Alors que je pratiquais mes exercices en extérieur, il arriva, à cheval également, s'arrêtant à ma hauteur.

"Votre position reste à travailler."

"Vous ai-je demandé quoi que ce soit, vous ?!" l'agressant d'emblée.

Il hausse les épaules. "Un œil extérieur est toujours utile pour se perfectionner, Mademoiselle. De même qu'accepter la critique."

"N'avez-vous pas une femme mariée à satisfaire ?!"

Il esquissa un petit sourire. "A mon tour de vous demander de vous mêler de vos affaires."

C'était la première fois que je pouvais l'observer d'aussi près. Ma foi... ma tante a bon goût !

Blond comme les blés, visage aux traits fins, regard d'un émeraude profond.

Assurément... jeune. A peine la majorité. C'est sur ce point que je choisis d'attaquer.

"N'avez-vous point trouvé de jeune femme de votre âge pour vous ébattre qu'une femme d'âge mûr, mariée ?!"

Il m'avise avec ce sourire terrible. "Le fait est, Mademoiselle, que je m'ébats avec qui me plaît." reprenant mon terme.

"Vous êtes... terriblement agaçant." grimaçant mon dégoût. "Ma cousine a raison : vous n'êtes qu'un rustre !..."

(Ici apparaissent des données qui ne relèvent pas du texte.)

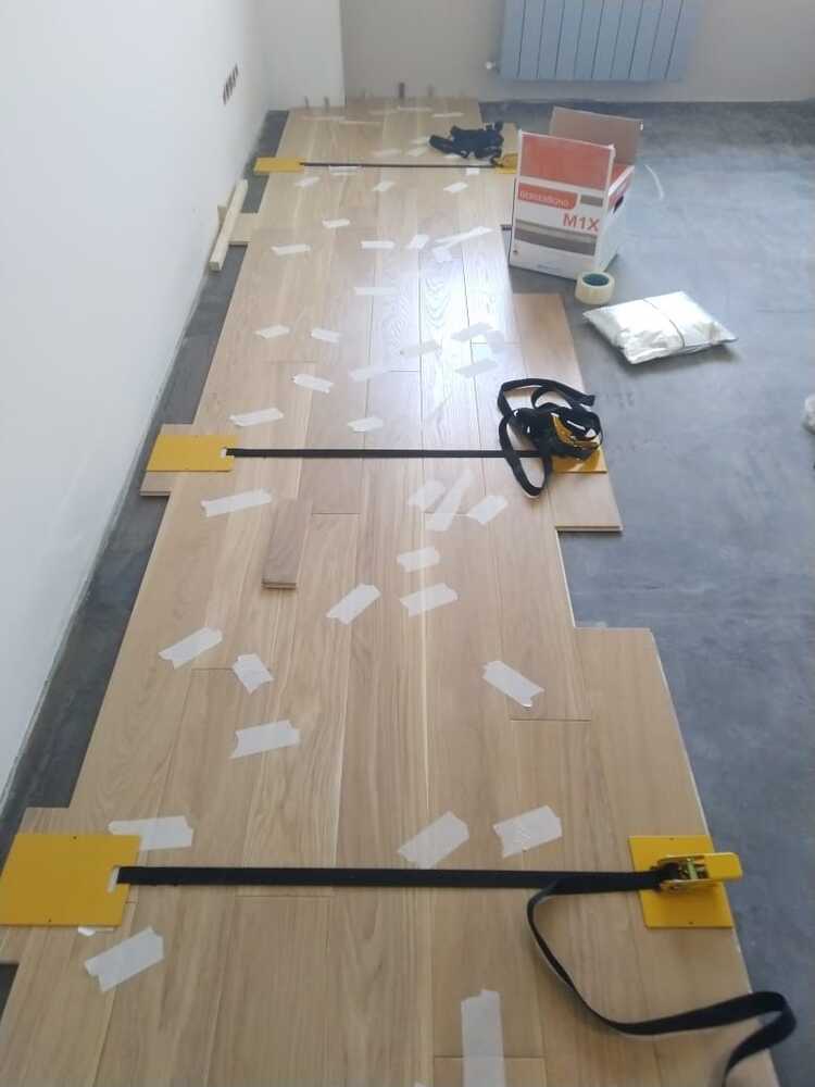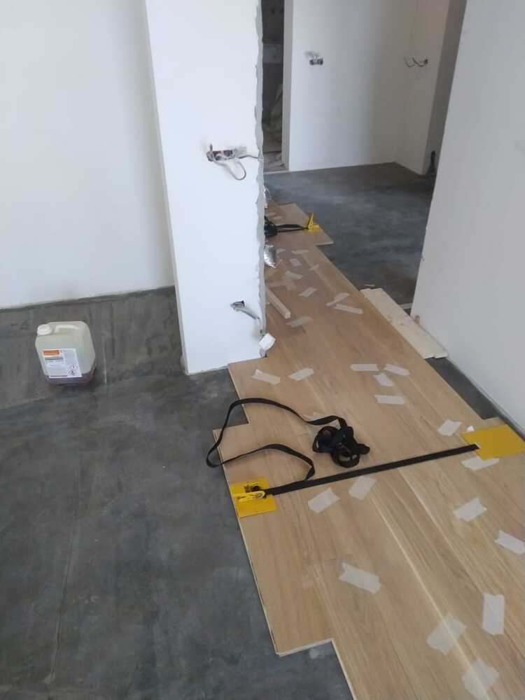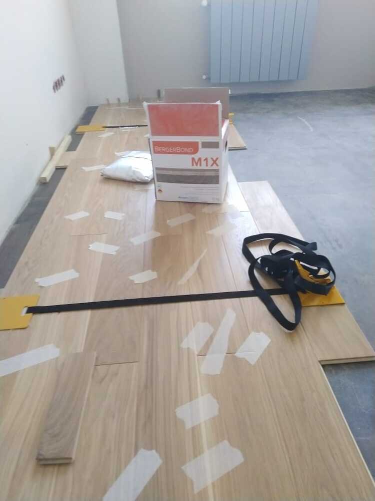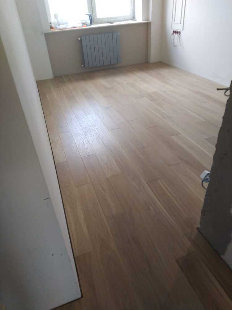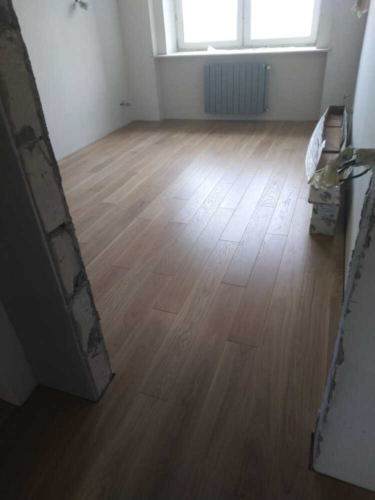 Мастера компании «Вернисаж» выполнили работы по укладке инженерной доски на объекте в Москве. На данном объекте при оценке гипсового основания выяснилось, что оно в плохом состоянии и не подходит для укладки паркета. Силами заказчика данное основание было демонтировано, затем наши мастера залили нормальное основание.

Il prend mon menton en tenaille, pressant des doigts sur mes joues. "Vous n'avez pas encore atteint l'âge de raison que vous me paraissez déjà être une véritable chipie."

Je me libère d'un pas en arrière. "Je ne vous permets pas !" le ciblant d'une flèche.

Il écarte les bras. "Etes-vous bien certaine de ne pas manquer votre coup à cette distance ?" moqueur.

"Rook ! Cessez d'importuner ma nièce !... Nous allons recevoir. Je compte sur vous pour me trouver le meilleur gibier qui soit." lui lance ma tante depuis la fenêtre, nous ayant surpris.

Je le piste. Malheureusement je parviens à un carrefour où les marques des fers de sa jument se perdent. Je peste, agacée qu'il parvienne ainsi à m'échappe chaque fois !...


"Shachiiii ?... Tu rêves ?..." glissant une main gantée dans mon cou, remontant l'oreille, lissant une mèche de cheveux.

"Pardon, Floyd, je..." petit rire embarrassé.

"Bah, c'est rien, hein, ça m'arrive aussi souvent." souriant. "Ça plaît pas trop à Jade mais bon... m'en fiche !..."

"Et... à quoi rêves-tu, Floyd ?" curieuse.

"Souvent à l'océan, à ma vie d'avant."

"Si j'étais une proie, Floyd ?..."

"Hein ?" finissant par rire. "Arrête !... ne m'emmène pas sur ce terrain-là, Shachi-chan !..."

"De quelle manière m'achèverais-tu ?"

"Déjà, j'm'arrangerai pour que ça traîne... pour en profiter un max."

"Tu jouerais avec moi ?"

"Sans doute. J'm'arrangerai pour te coller, ça c'est sûr !..." riant. "J'pourrai pas m'en empêcher !..." passant un bras derrière la tête, se moquant de lui-même.

"Alors... fais de moi ta jolie proie, Floyd."